The narrative follows drug and VR designer Santiago Columbar and his friends as they gather at a bar in the Los Angles Necropolis on November 1st, the day of the dead. At the same time, the Freedead--revivified souls who revolted against the corporate owners who had sent them out to mine the asteroids--are returning to Earth in order to liberate their fellows.

As in his previous novels, McDonald merges the personal with the political, filling Necroville with gorgeous ideas and extrapolations. Once again, McDonald shows a keen acknowledgement of demographic reality, as all but one of his California viewpoint characters are non-white. He takes the notion of nanotechnology and has fun with it, including vivid scenes of sportscars deliquescing into the asphalt for parking convenience, then being pulled out by the owner. The adaptations of the Freedead to life in deep space are disquieting, but logical and awesome.

The book's only flaw lies in reducing the Freedead's war of liberation to a confrontation with a single corporation head. In reality, questions about exploitation are not reducible to a single villain, or even evil intent. That aside, Necroville is a splendid book.


Title: Heavy Weather
Author: Bruce Sterling
Publisher: Bantam Spectra
ISBN: 0-553-09393-2
Price: $21.95
Reviewed by: Dwight Brown

Why isn't this novel twice as long?

There's just too much in Heavy Weather: too many neat ideas, too much social extrapolation. Sterling seems to have thought a lot about the effects of things like unbreakable encryption, wireless networks, digicash, and all that other tech that's coming real soon now and will either save us or (as Sterling seems to think) damn us. There's ideas and new technology and really neat stuff springing off practically every page of this book. Sterling is a gifted observer as well. I love his constant distinction between "people who write code" and "people who write interfaces." Moreover, I love the sections where people actually gripe about the stupid interfaces on their <fill in the blank>. He's also a frustrating observer: his two page lecture on how "unbreakable encryption, digital authentication, anonymous remailing and network untraceability" ruined the world is wonderfully pessimistic, and difficult for me to refute in the space I have here. But why is Sterling convinced this is the way it has to be? I don't know.

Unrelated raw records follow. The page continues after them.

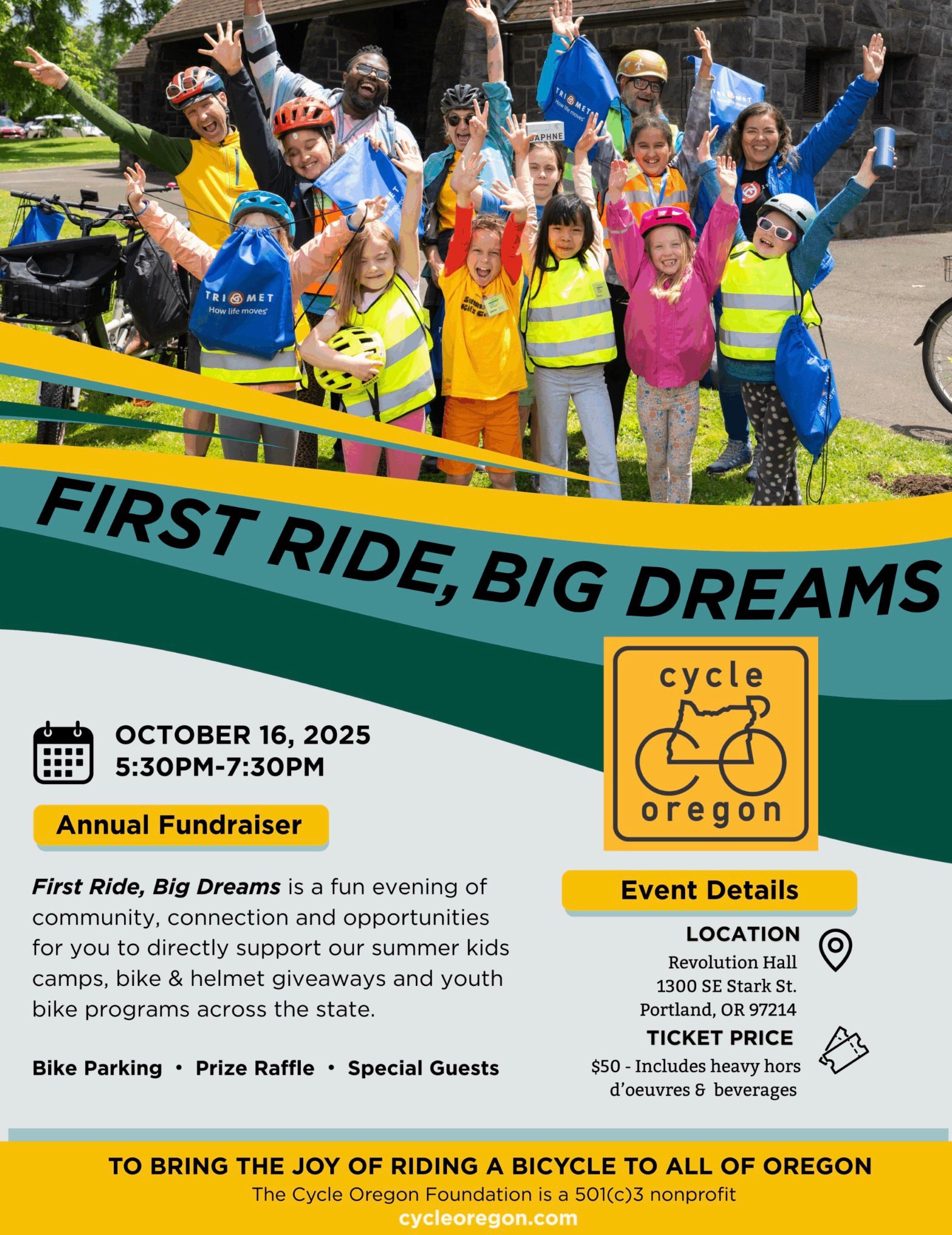 “Help us teach more kids to ride by attending the inaugural First Ride, Big Dreams Fundraiser.”
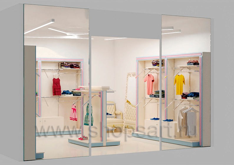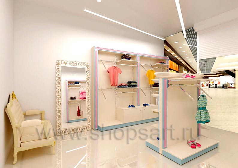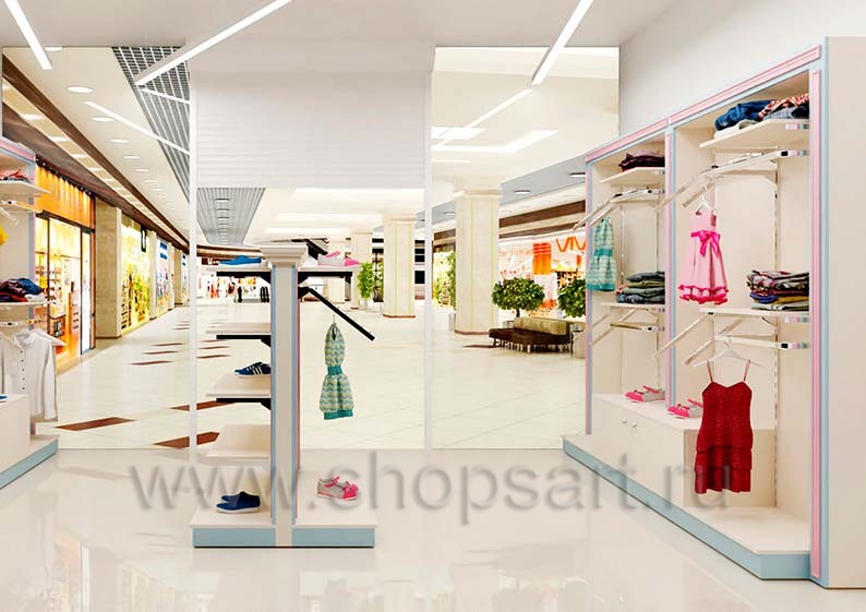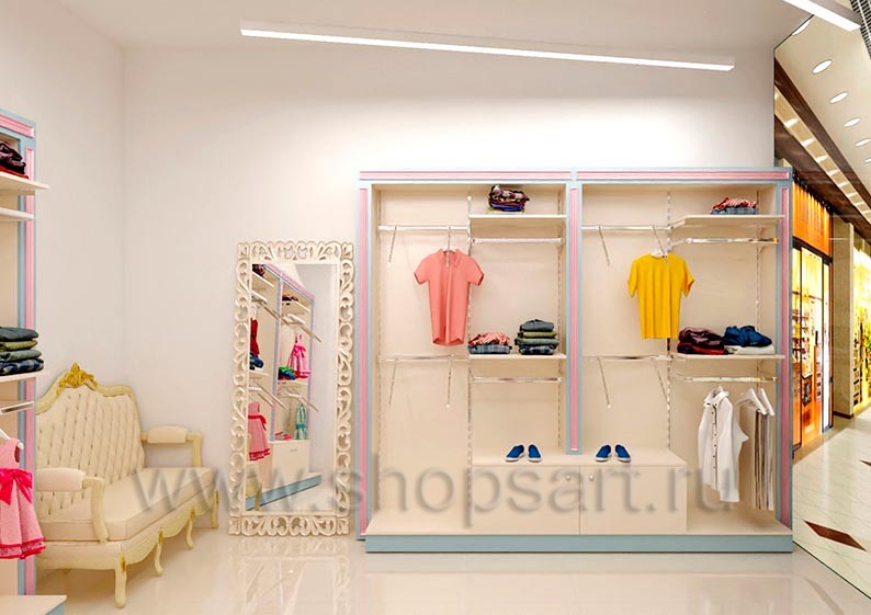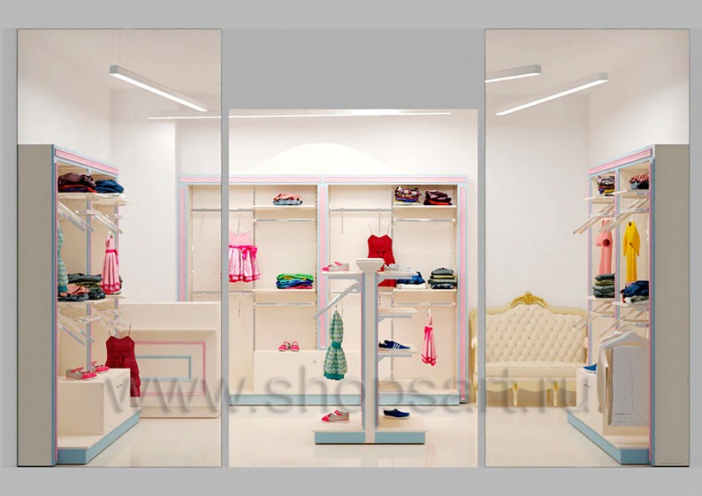 - Дизайн детского магазина одежды предполагает грамотную выкладку и развешивание изделий. Для выполнения этой задачи понадобится соответствующее торговое оборудование.
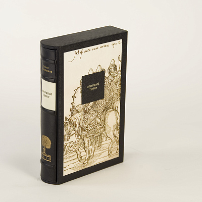 Книга облечена в составной переплет: кожа Bibliofile Ziegen Leder. Вставки на переплете и футляре – гравюры ручной работы, выполненные в технике офорт. Тиснение золотом 24К, обрез золоченый, футляр обтянут кожей с тиснением золотом.

This is the major problem with Heavy Weather: there's not enough depth. I want more. I want to see how everyday people live. I want to see not just the uses for technology that the people on the street find, but the original intended uses. I want to know more about the Storm Troupe, this bunch of weirdos that's chasing the Mother Of All Tornados. Except for the Ungers, Jane and Alex, and a couple of other Troupers, we never find out much about the members. Even Jane and Alex's motives aren't clearly explained. (Yeah, Jane's in love, and Alex is playing the "Feel Like I'm Fixing To Die Rag", but that doesn't go far enough. Why does Alex continue to hang around with the Troupe long after being kidnapped from an illegal Mexican clinic by his sister? I don't know, and I'm not sure Sterling does.)

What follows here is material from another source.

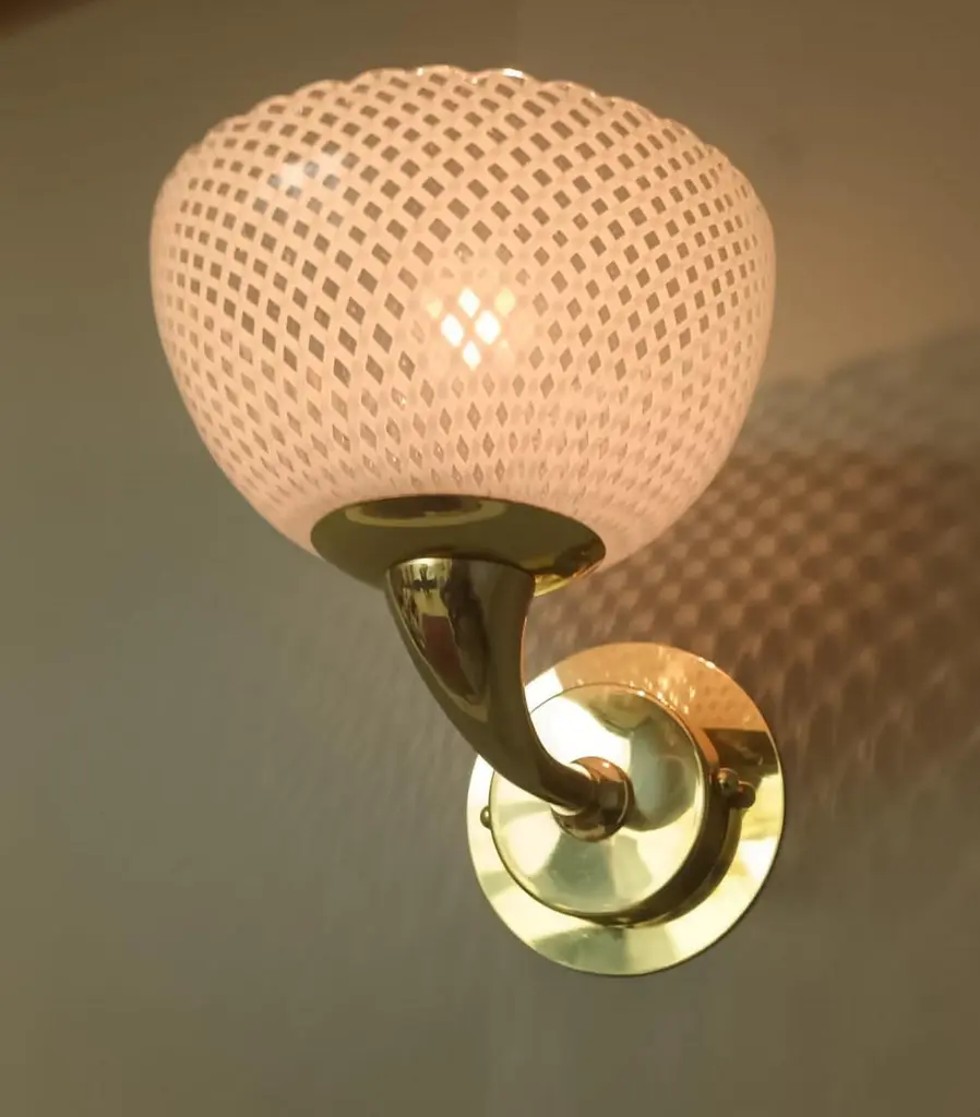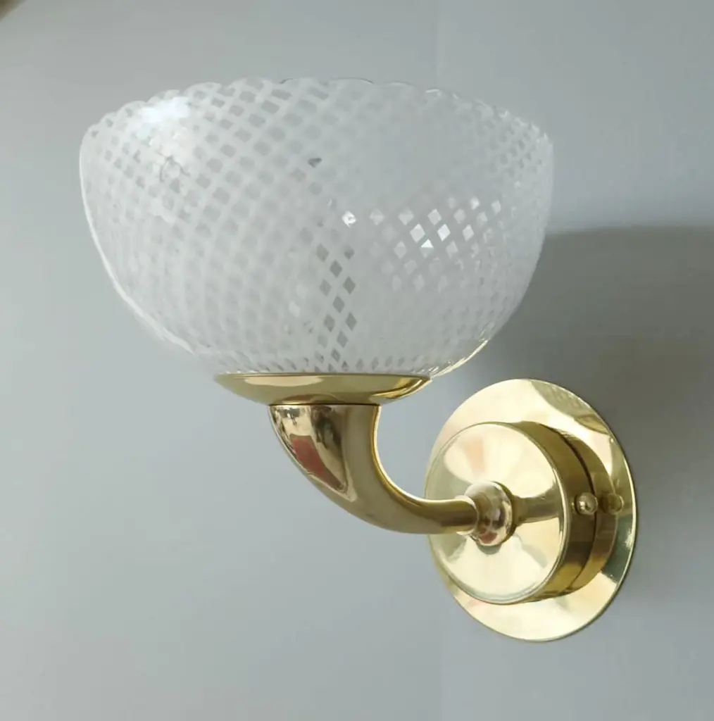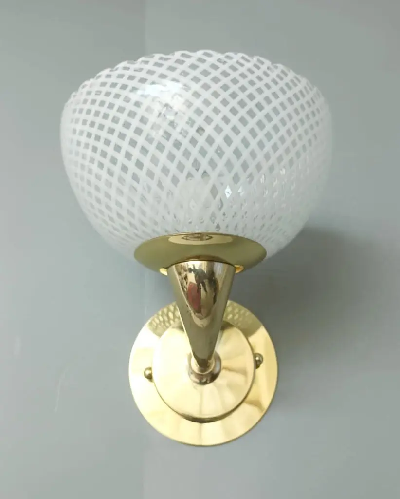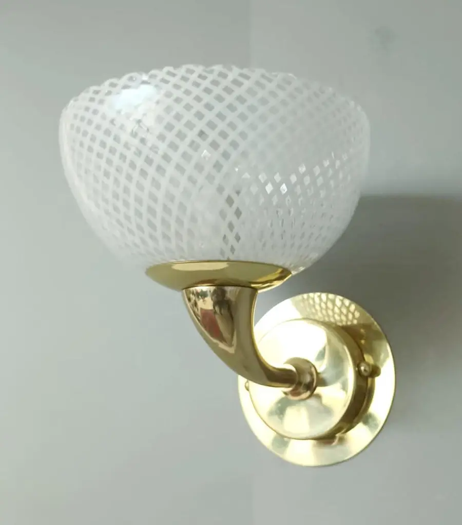 Vintage Italian wall lights with Murano glass cups hand blown in "reticello" technique to form crisscross pattern of white filaments, mounted on brass frames / Made in Italy in the style of Venini, circa 1950sMeasures: Height 8 inches, width 7 inches, depth 8.5 inches1 light / E12 or E14 type / max 40W 3 Pairs available in stock in Italy, price listed is for each pairOrder reference #: FABIOLTD H126

The star of Heavy Weather is the weather: more specifically, the monster killer tornado from Hell, the F-6. No surprise, eh? Well, Sterling doesn't seem to have thought this was enough of a climax: instead, much of the action during the tornado is focused on a bunch of "truly eleet network doods", (Private to Sterling: B1FF! is a parody, okay? Nobody talks like that except AOLweenies. And "eleet" is spelled "3133T") an unconvincingly evil bunch of political types who intend to use the storm to cover their tracks as they escape from bondage. Bondage to what? Why is this here? Has Sterling lost faith in his audience to that extent: that he has to trump up a traditional confrontation and resolution, instead of letting the climax ride on the tornado? I can't say I blame him if this is the case, but damn! He should have tried!

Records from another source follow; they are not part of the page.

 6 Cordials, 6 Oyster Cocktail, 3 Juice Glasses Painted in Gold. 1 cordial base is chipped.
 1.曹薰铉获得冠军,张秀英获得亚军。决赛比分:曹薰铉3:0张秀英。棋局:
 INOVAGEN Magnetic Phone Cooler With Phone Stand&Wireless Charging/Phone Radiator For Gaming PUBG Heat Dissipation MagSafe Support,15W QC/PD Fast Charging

One of these days (I hope very soon), Sterling will write his Carrion Comfort: a huge, sprawling, balls-to-the-wall book where he can give his mind full play and explain why he thinks X is the inevitable result of Y and Z. Heavy Weather isn't that book: it doesn't even come close. But it isn't a failure: Sterling's ambition can't be bound between 310 pages, but what is caught on paper is worth having around.